::: Information given :::

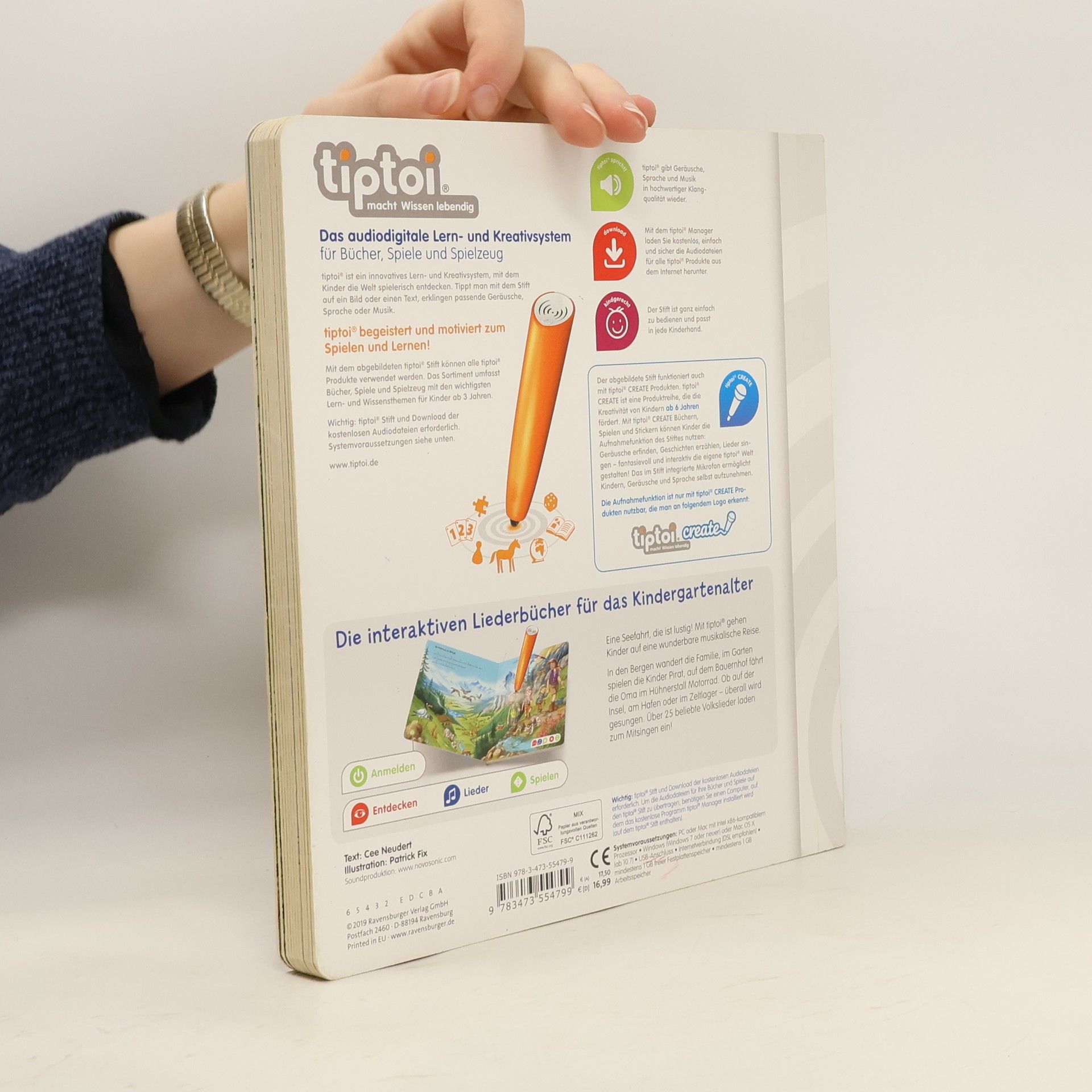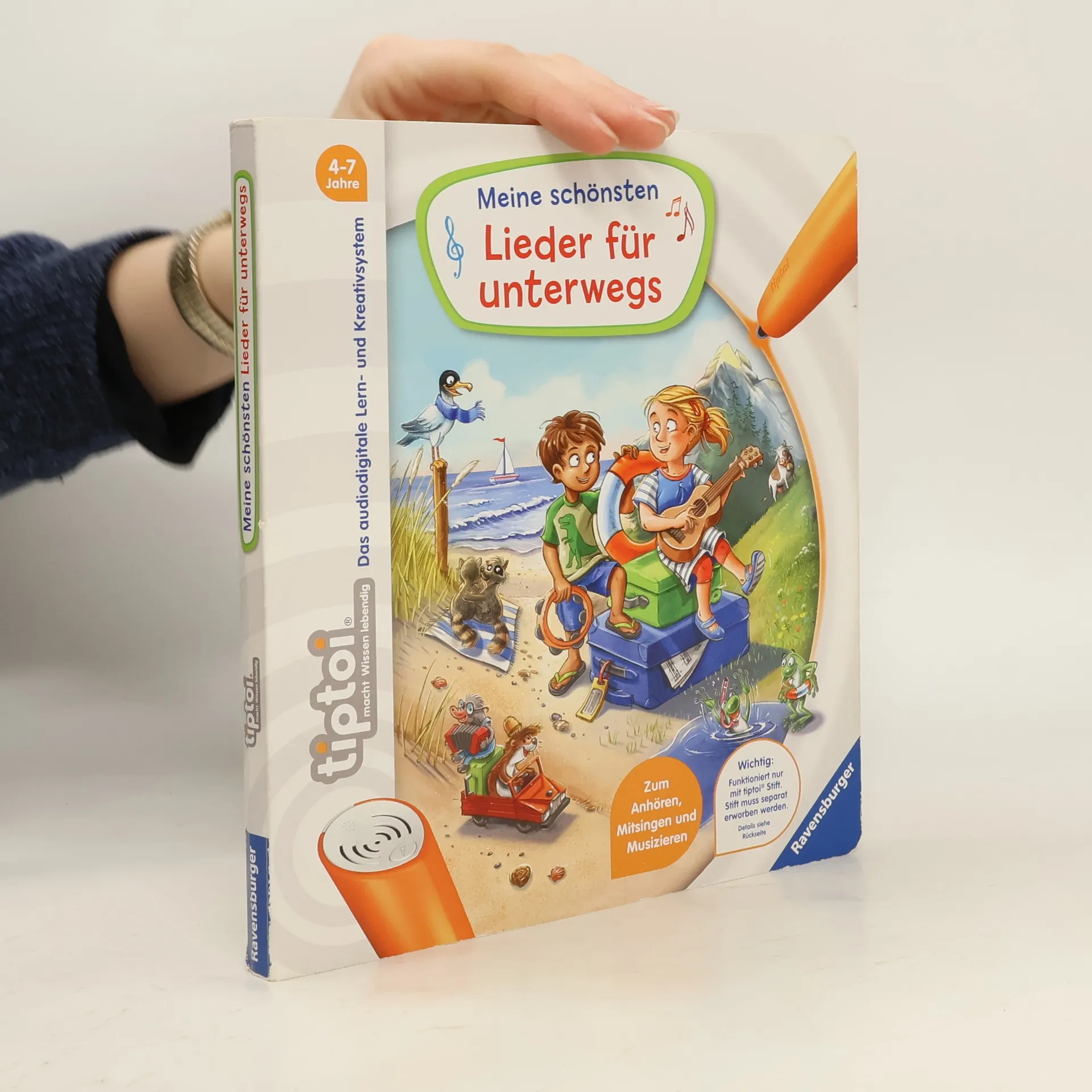 Eine Seefahrt, die ist lustig! Mit zahlreichen beliebten Volksliedern können Kinder richtig viel erleben. Das Buch im kleinen Format ist ideal zum Mitnehmen für unterwegs und auf Reisen oder für Zuhause. In den Bergen wandert die Familie, im Garten spielen die Kinder Pirat, auf dem Bauernhof fährt die Oma im Hühnerstall Motorrad. Ob auf der Insel, am Hafen oder im Zeltlager – überall wird gesungen. Mit den tiptoi Liederbüchern macht Singen besonders großen Spaß! Die abgedruckten Lieder können mit Gesang oder in der Instrumentalversion angehört werden. Die Gitarrenakkorde laden zum Musizieren ein. Neben den abgedruckten Liedern sind zahlreiche weitere auf den Bildern versteckt. Liebevolle Illustrationen werden durch kindgerechte Texte zum Leben erweckt. Lustige Reime und spannende Spiele lassen die Kinder in die Themenwelten eintauchen. Musik ist überall! tiptoi-Stift nicht enthalten. Muss separat erworben werden.
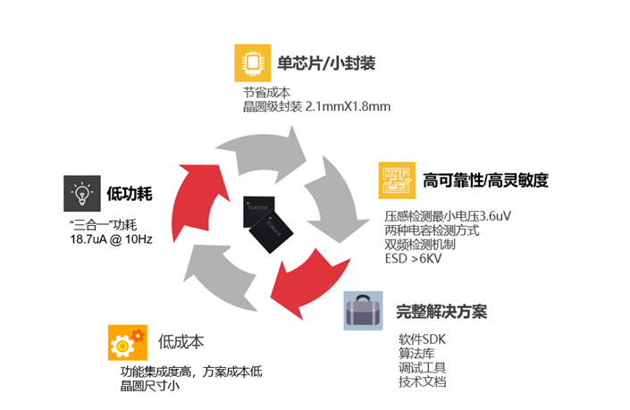 TCAE系列芯片集成了32位ARM® Cortex®-M0高性能內(nèi)核,最高工作頻率32MHz,內(nèi)置64KB FLASH和4KB SRAM。其內(nèi)部集成了高精度ADC、1024倍增益放大的超低噪聲PGA,可實現(xiàn)高達21.5位的信號鏈有效精度,并配備了Offset自動消除硬件電路,可實現(xiàn)uV級小信號在各種環(huán)境干擾和溫度漂移下的精準測量。泰矽微還開發(fā)了獨創(chuàng)的降低系統(tǒng)整體功耗的Tinywork®技術(shù)(專利號:CN111427443A),使得外設(shè)在睡眠模式下,無需內(nèi)核處理器的干預也能獨立工作和相互協(xié)同,可將典型應用場景的工作電流降低80%以上。外加超低功耗的睡眠模式設(shè)計,在TWS耳機人機交互應用場景中,將壓力檢測,滑條及入耳檢測三種功能融合下的典型應用功耗控制在18uA左右,引領(lǐng)行業(yè)標桿水準。TCAE系列MCU具有高可靠性的典型特征,高達6kV的ESD設(shè)計免除了外部器件防護的需求,有利于非常局限的狹小空間中的硬件設(shè)計。
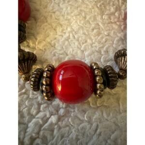 Beautiful and classic statement piece with red, black and bronze tone dividers. Measures 11” in excellent condition with screw closure.
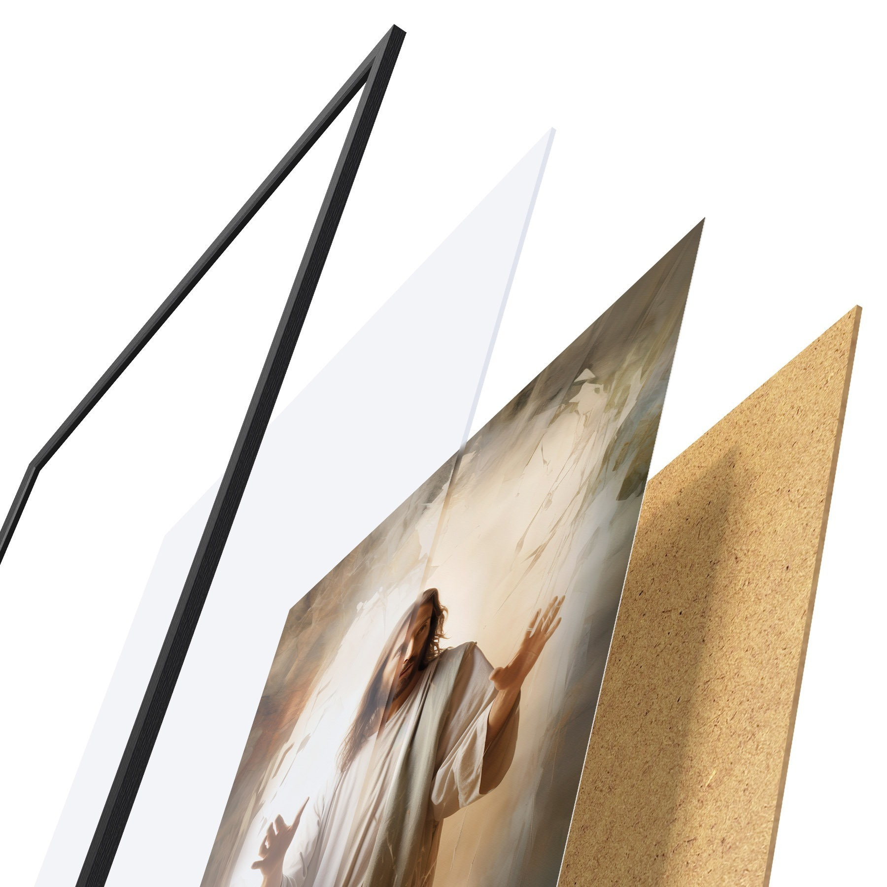Plakát se skládá z rámu, plexiskla, tištěného obrazu a dřevotřískového podkladu. Díky úchytům na zadní straně lze plakát ihned zavěsit na zeď.
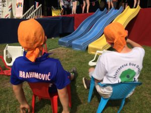 En er was weer van alles te beleven op woensdag 23 augustus. Zo gingen de kinderen naar Het Hof van Kaatje, bezochten ze het parcours van de Strong Viking Run en werd fanatiek de waterskisport beoefend! Waar kan je zoiets nou nog doen! De hutten zijn mooi geworden en ook werd weer veel plezier verzameld, ook met het maken van de cupcakes. De Pleziermeter is dan ook, met nog een dag te gaan, gestegen naar 2/3 vol. Dat gaat de goede kant op! Zou die morgen met de Bonte Avond vanaf 17.30u aan de Geitweg op Alverna helemaal de top gaan halen? We zullen het gaan zien...
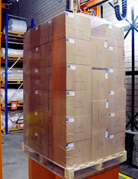 Automotive parts transportation solutions, optimized for compatibility with automated wrapping machines.
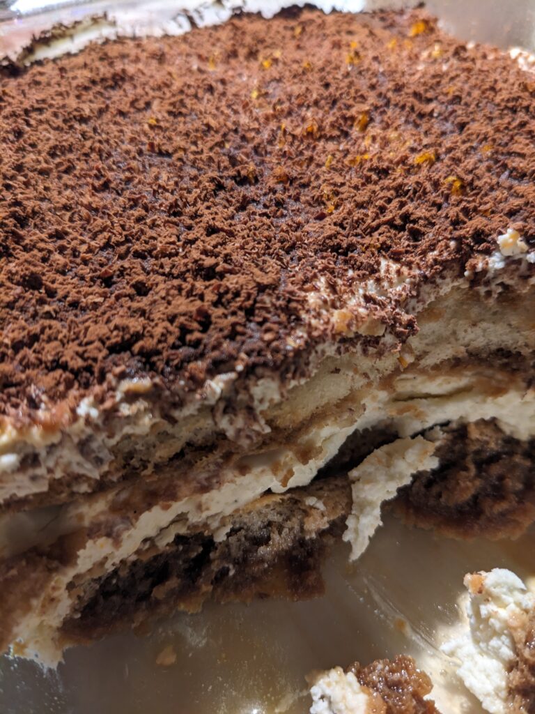 To assemble I also did something new; I used to dip my biscuits in the bowl full of coffee, now I gently poured the sweetened coffee onto the lined up biscuits. Mascarpone Booze Fest on top, more coffee biscuits, more cream. The top layer has a bit more of fresh orange zest, grated dark chocolate and a sprinkling of cocoa.
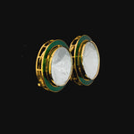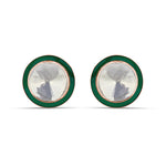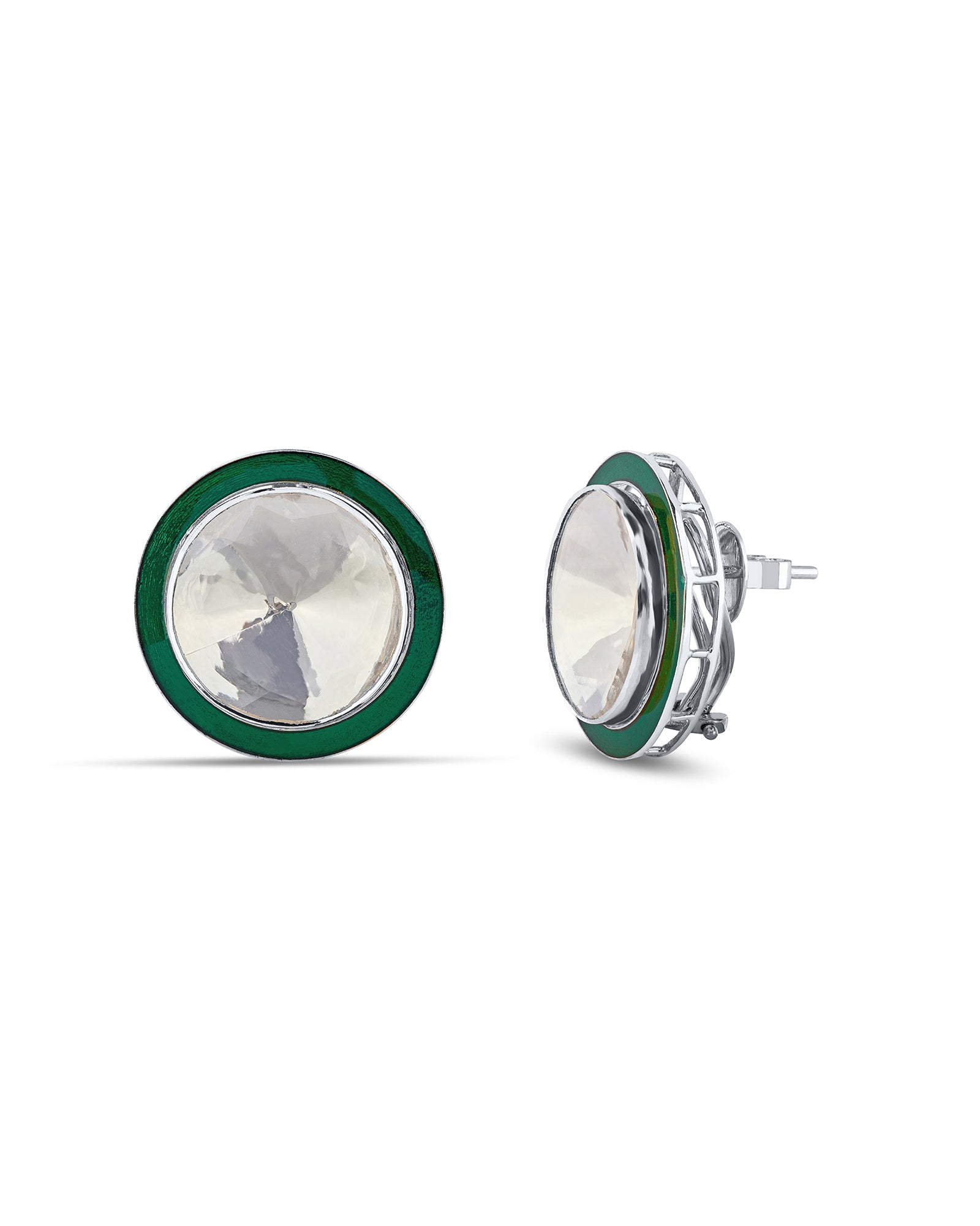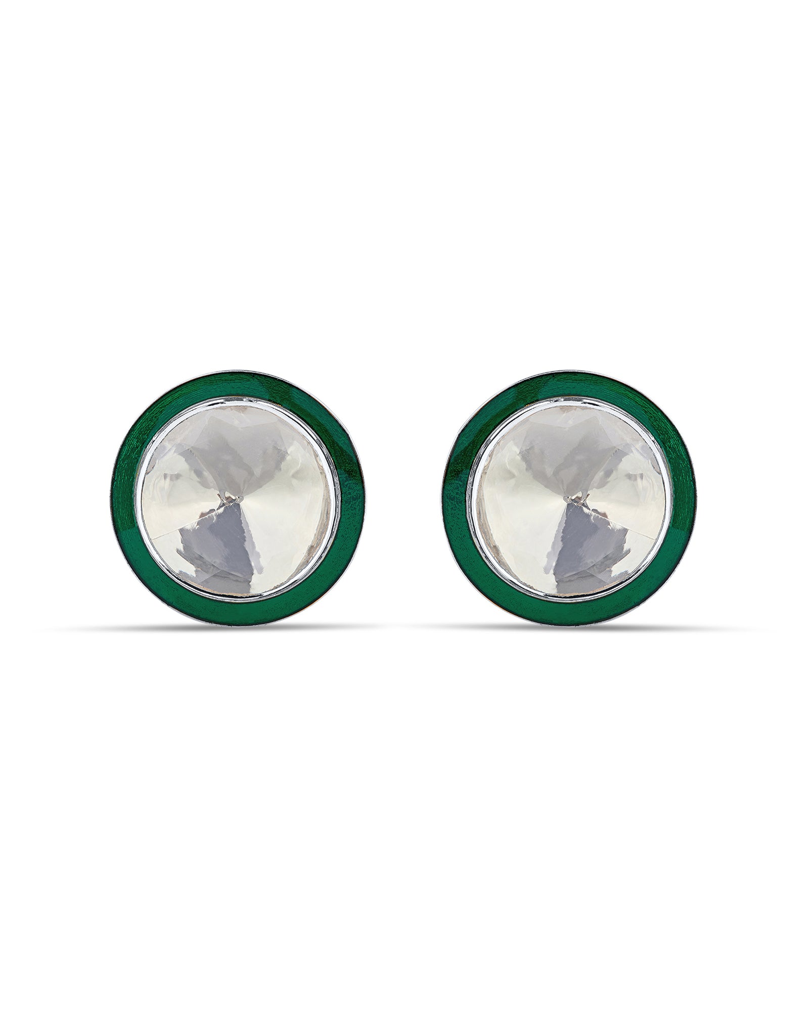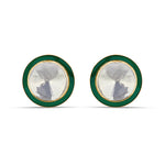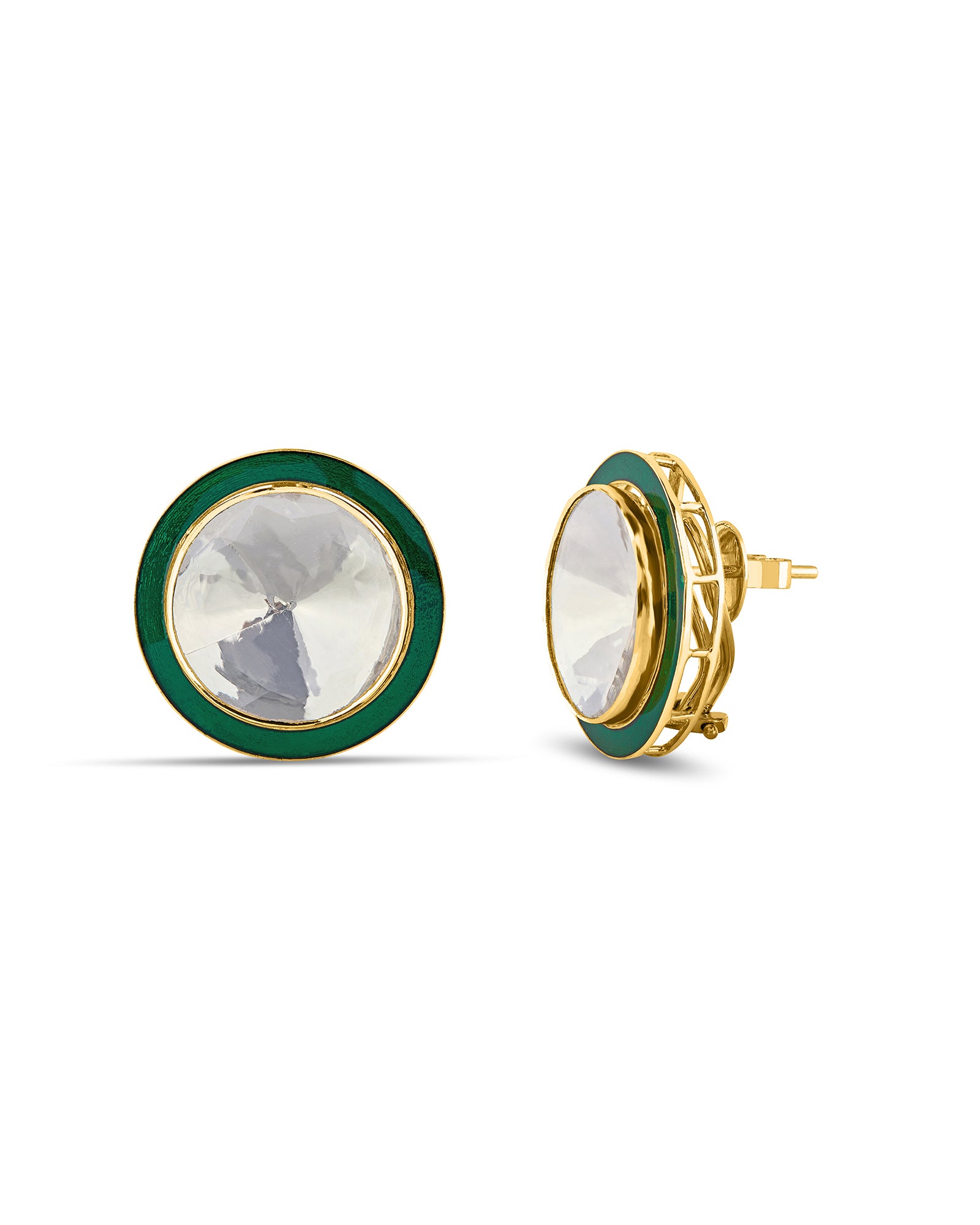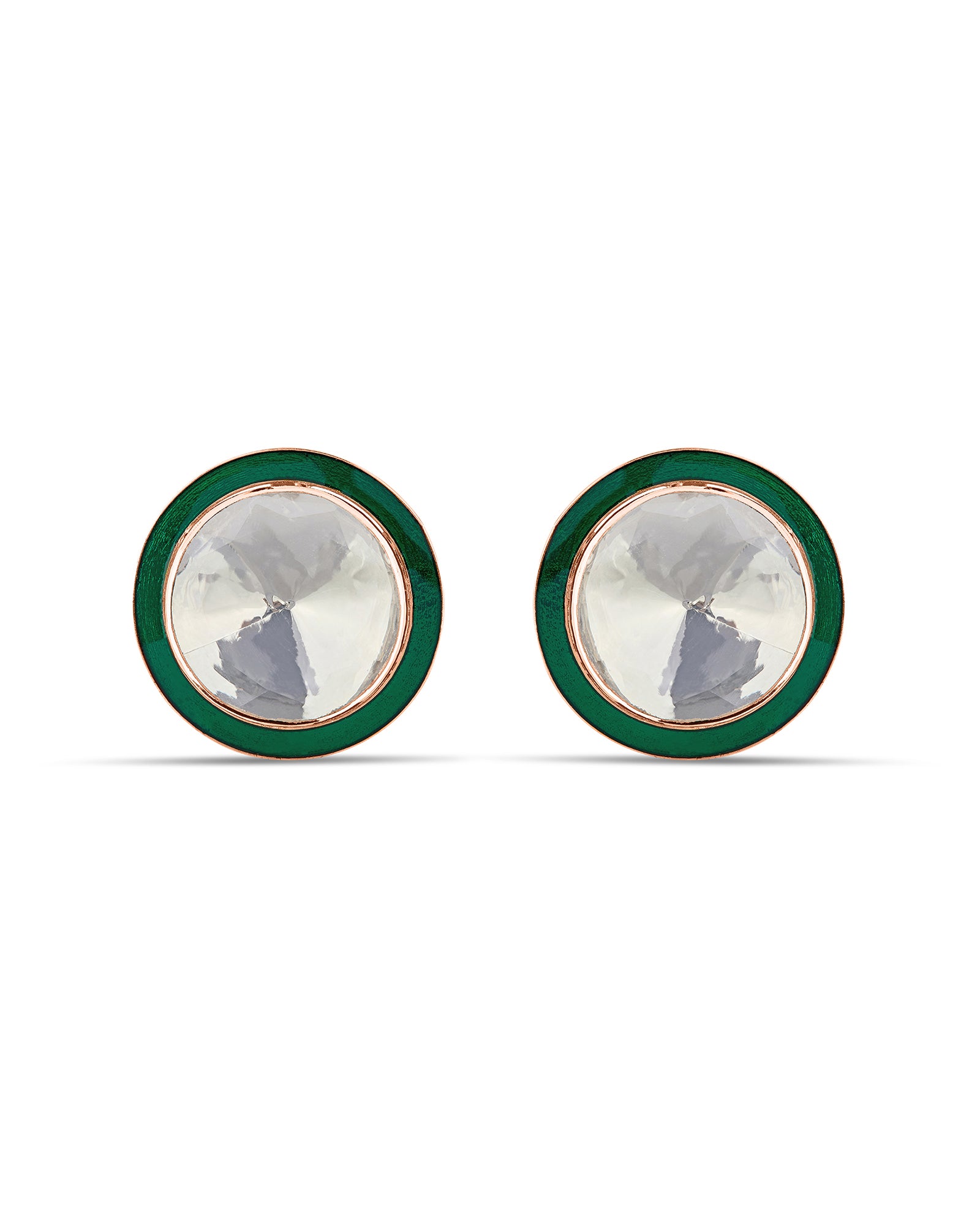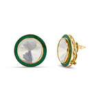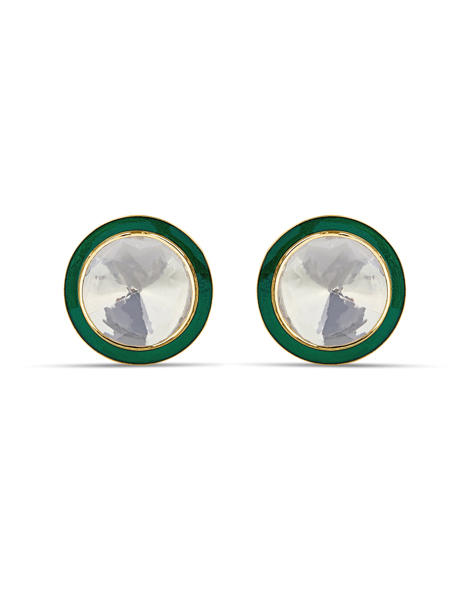 A radiant circular crystal with a soft petal-cut finish sits at the center, framed by a striking emerald green enamel ring. Set in a fine gold border, these EmeraldAura Studs blend natural clarity with vibrant color perfect for a look that’s both fresh and timeless, echoing nature and royalty in one design.

:::

Beginning with the line that holds "En er was weer" and continuing to the end of the entries above, set down each line exactly, both ends included; include no pictures.

 En er was weer van alles te beleven op woensdag 23 augustus. Zo gingen de kinderen naar Het Hof van Kaatje, bezochten ze het parcours van de Strong Viking Run en werd fanatiek de waterskisport beoefend! Waar kan je zoiets nou nog doen! De hutten zijn mooi geworden en ook werd weer veel plezier verzameld, ook met het maken van de cupcakes. De Pleziermeter is dan ook, met nog een dag te gaan, gestegen naar 2/3 vol. Dat gaat de goede kant op! Zou die morgen met de Bonte Avond vanaf 17.30u aan de Geitweg op Alverna helemaal de top gaan halen? We zullen het gaan zien...
 Automotive parts transportation solutions, optimized for compatibility with automated wrapping machines.
 To assemble I also did something new; I used to dip my biscuits in the bowl full of coffee, now I gently poured the sweetened coffee onto the lined up biscuits. Mascarpone Booze Fest on top, more coffee biscuits, more cream. The top layer has a bit more of fresh orange zest, grated dark chocolate and a sprinkling of cocoa.
 A radiant circular crystal with a soft petal-cut finish sits at the center, framed by a striking emerald green enamel ring. Set in a fine gold border, these EmeraldAura Studs blend natural clarity with vibrant color perfect for a look that’s both fresh and timeless, echoing nature and royalty in one design.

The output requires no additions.